The repository also includes CMake presets for common maintainer workflows:

cmake --preset strict
cmake --build --preset strict
ctest --preset strict

Focused test labels are available for narrower checks, for example:

ctest --preset strict -L compatibility
ctest --preset strict -L packaging
ctest --preset benchmark-smoke

For local performance checks, run the benchmark target:

cmake --build build --target smashpp-benchmark

To compare against another executable configure with:

cmake -S . -B build -DSMASHPP_BENCHMARK_BASELINE=/path/to/other/smashpp
cmake --build build --target smashpp-benchmark

The benchmark generates deterministic small and large inputs and writes timing rows to build/benchmarks/summary.csv. When a baseline executable is configured, it also writes build/benchmarks/comparison.csv with median timings and speedups for each scenario. The default large benchmark input is 256 MiB per file. Override the generated input sizes with byte counts when you need a shorter smoke run or a larger production check:

cmake -S . -B build \
  -DSMASHPP_BENCHMARK_SMALL_BYTES=131072 \
  -DSMASHPP_BENCHMARK_LARGE_BYTES=268435456

Use the same compiler, build type, input sizes, and machine when comparing results.

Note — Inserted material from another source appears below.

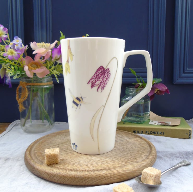 bone china tall mug hand decorated with ceramic transfers featuring my watercolour paintings of spring flowers and bees. A great gift for gardeners.
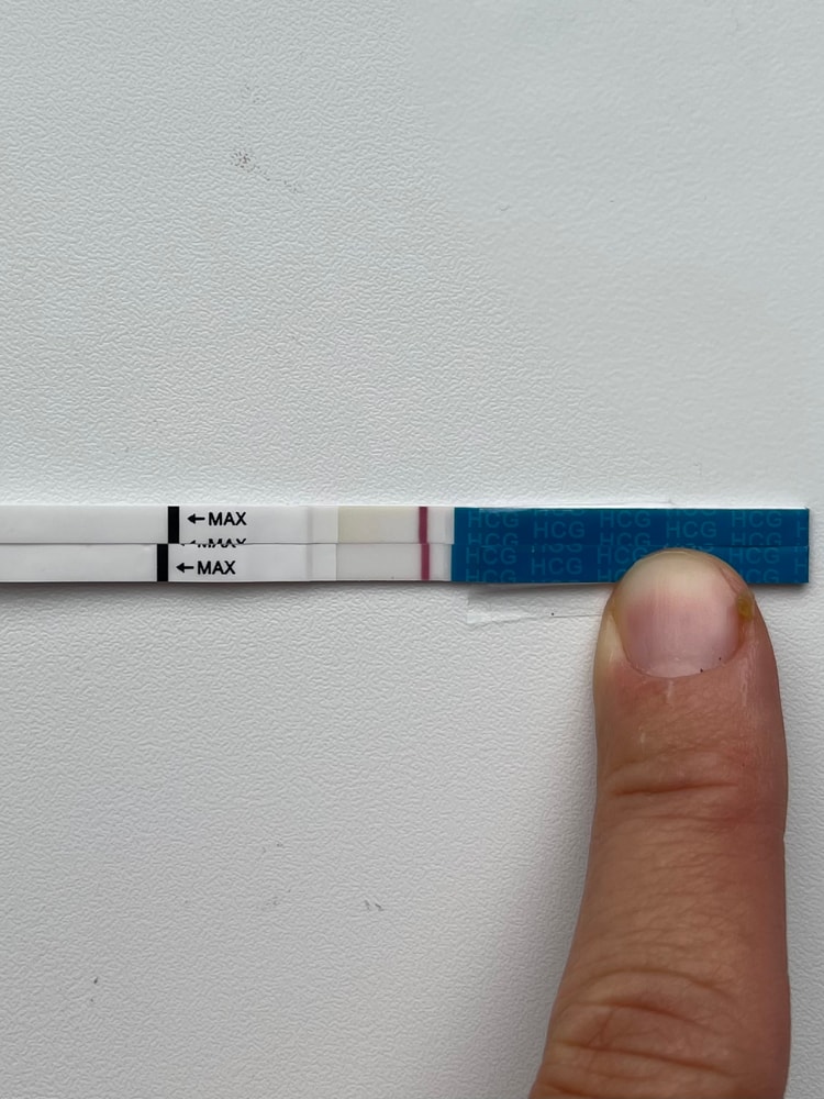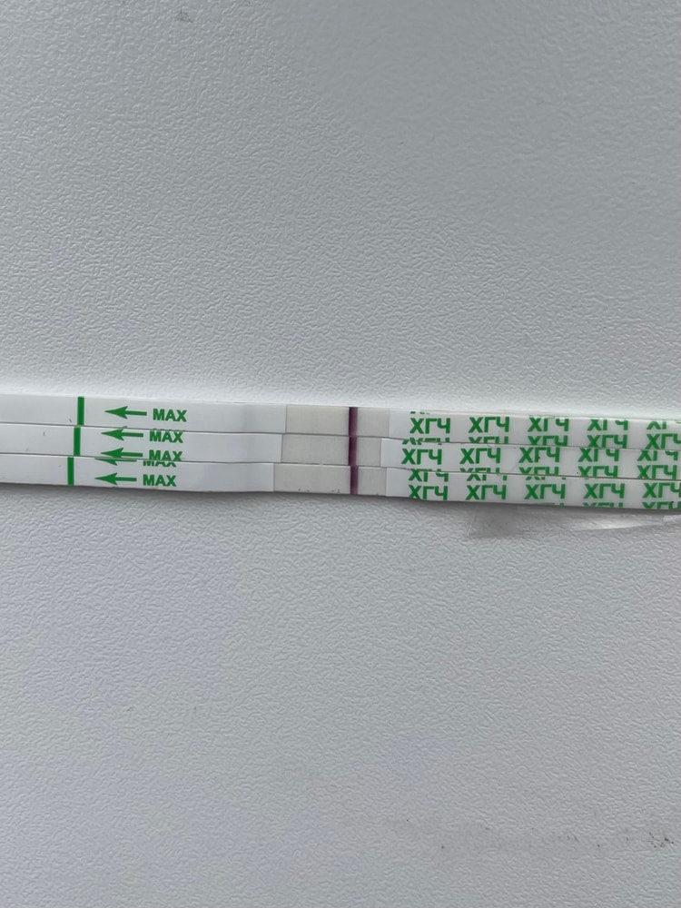 Тесты леди чек тоже показали слабую полосочку. А тесты клевер - один сразу вышел брак с какими-то вмятинами. Другой сперва показал вроде полоску, потом стал белым, а потом буквально рассыпался в руках. Ну как сказать… Бумажка отклеилась. Я даже сфоткать не успела. Но клевер и в клиническую беременность очень тормозил. Но розочки в этот раз жестят конечно.

To create portable release archives from the install rules, run:

cmake --build build --target package

The archives are written to build/packages/.

Cite

If you find Smash++ useful in your research, please acknowledge our work by citing:

  • M. Hosseini, D. Pratas, B. Morgenstern, A.J. Pinho, "Smash++: an alignment-free and memory-efficient tool to find genomic rearrangements," GigaScience, vol. 9, no. 5, 2020. DOI: 10.1093/gigascience/giaa048

Issues

If you encounter an issue, please let us know.

Contributing

Development workflow, testing, benchmarking, and pull request guidance are in CONTRIBUTING.md.

License

Smash++ is distributed under the GNU GPL v3 license.